### Exercise objective
Among the records below, find the lines that contain "sang" and copy each of them.

### Source data
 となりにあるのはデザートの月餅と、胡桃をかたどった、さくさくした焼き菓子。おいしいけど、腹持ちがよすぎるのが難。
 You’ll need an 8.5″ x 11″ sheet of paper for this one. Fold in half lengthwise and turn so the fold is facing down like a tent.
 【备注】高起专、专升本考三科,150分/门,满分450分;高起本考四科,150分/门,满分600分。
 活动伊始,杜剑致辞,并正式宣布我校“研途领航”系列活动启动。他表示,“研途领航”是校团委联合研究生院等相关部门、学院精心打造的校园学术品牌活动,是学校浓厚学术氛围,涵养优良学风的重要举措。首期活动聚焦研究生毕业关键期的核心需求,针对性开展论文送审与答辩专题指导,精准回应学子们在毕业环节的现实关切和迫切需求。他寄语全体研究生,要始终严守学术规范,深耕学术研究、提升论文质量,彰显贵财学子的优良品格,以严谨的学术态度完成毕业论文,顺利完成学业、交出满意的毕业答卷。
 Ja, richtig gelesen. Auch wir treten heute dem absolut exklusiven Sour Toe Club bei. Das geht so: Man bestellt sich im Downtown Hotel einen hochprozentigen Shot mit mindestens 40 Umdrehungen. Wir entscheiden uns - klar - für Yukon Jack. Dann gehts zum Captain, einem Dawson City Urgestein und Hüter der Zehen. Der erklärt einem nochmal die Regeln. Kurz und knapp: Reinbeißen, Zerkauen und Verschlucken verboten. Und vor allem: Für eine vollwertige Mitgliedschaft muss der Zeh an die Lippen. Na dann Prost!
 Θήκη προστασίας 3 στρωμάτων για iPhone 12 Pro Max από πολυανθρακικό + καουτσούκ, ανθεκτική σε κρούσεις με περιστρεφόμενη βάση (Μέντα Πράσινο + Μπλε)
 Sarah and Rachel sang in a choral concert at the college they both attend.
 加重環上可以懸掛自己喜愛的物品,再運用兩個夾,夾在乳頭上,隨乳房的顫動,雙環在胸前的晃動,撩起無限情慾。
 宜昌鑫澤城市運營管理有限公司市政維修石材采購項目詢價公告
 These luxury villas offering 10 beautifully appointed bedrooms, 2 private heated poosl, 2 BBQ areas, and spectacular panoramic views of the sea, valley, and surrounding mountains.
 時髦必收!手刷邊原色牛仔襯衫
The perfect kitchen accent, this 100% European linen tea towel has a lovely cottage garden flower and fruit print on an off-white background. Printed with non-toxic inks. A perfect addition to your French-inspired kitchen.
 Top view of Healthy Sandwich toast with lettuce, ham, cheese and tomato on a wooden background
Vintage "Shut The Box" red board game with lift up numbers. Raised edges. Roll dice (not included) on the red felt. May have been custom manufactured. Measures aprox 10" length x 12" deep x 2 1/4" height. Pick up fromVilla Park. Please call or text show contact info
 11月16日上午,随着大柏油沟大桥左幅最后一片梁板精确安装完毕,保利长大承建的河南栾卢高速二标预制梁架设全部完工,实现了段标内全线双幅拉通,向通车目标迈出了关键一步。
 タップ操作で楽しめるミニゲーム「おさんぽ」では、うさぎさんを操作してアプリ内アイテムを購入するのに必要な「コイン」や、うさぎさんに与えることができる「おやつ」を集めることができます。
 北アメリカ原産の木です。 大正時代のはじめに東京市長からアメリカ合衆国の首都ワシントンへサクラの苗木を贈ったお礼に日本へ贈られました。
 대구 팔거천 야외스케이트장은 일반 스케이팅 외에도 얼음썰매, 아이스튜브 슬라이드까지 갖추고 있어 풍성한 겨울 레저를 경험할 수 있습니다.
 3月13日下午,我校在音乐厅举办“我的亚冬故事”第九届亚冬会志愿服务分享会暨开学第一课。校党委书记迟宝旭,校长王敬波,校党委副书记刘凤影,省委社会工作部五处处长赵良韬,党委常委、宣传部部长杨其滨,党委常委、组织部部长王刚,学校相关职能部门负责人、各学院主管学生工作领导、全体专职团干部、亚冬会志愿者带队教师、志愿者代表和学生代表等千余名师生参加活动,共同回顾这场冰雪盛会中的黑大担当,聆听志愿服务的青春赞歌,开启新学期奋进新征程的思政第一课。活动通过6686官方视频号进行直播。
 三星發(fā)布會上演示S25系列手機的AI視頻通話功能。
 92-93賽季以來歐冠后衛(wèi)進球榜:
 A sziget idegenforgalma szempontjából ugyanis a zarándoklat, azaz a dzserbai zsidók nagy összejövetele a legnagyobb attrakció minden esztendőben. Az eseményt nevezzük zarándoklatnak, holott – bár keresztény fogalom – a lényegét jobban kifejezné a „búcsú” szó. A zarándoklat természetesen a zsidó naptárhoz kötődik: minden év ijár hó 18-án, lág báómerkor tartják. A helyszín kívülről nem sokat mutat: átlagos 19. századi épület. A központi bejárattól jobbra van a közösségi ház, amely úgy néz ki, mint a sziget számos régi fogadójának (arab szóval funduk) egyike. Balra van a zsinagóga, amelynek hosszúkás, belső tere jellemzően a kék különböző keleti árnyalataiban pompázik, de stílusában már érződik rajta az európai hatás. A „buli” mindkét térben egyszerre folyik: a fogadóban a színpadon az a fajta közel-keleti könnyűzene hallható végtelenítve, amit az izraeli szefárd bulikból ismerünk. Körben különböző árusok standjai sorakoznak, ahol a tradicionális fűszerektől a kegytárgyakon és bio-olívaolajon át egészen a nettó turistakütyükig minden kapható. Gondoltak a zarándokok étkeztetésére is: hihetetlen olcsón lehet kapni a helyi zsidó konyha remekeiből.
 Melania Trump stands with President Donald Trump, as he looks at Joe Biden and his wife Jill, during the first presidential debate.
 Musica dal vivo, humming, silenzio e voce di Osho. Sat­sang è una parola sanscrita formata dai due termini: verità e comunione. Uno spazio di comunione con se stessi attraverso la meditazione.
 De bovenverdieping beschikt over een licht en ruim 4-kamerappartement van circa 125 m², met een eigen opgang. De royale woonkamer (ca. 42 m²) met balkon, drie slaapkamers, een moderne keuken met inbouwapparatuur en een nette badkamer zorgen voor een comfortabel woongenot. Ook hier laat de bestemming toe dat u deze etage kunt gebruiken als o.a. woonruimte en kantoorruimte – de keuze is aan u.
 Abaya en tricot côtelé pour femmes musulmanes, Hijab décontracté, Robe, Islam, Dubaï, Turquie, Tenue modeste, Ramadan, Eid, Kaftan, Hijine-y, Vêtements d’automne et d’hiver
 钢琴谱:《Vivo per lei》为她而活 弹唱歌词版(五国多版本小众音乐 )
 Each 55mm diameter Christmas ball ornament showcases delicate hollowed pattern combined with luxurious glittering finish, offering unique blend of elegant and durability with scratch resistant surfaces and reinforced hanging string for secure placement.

### Response below
 Sarah and Rachel sang in a choral concert at the college they both attend.
 Musica dal vivo, humming, silenzio e voce di Osho. Sat­sang è una parola sanscrita formata dai due termini: verità e comunione. Uno spazio di comunione con se stessi attraverso la meditazione.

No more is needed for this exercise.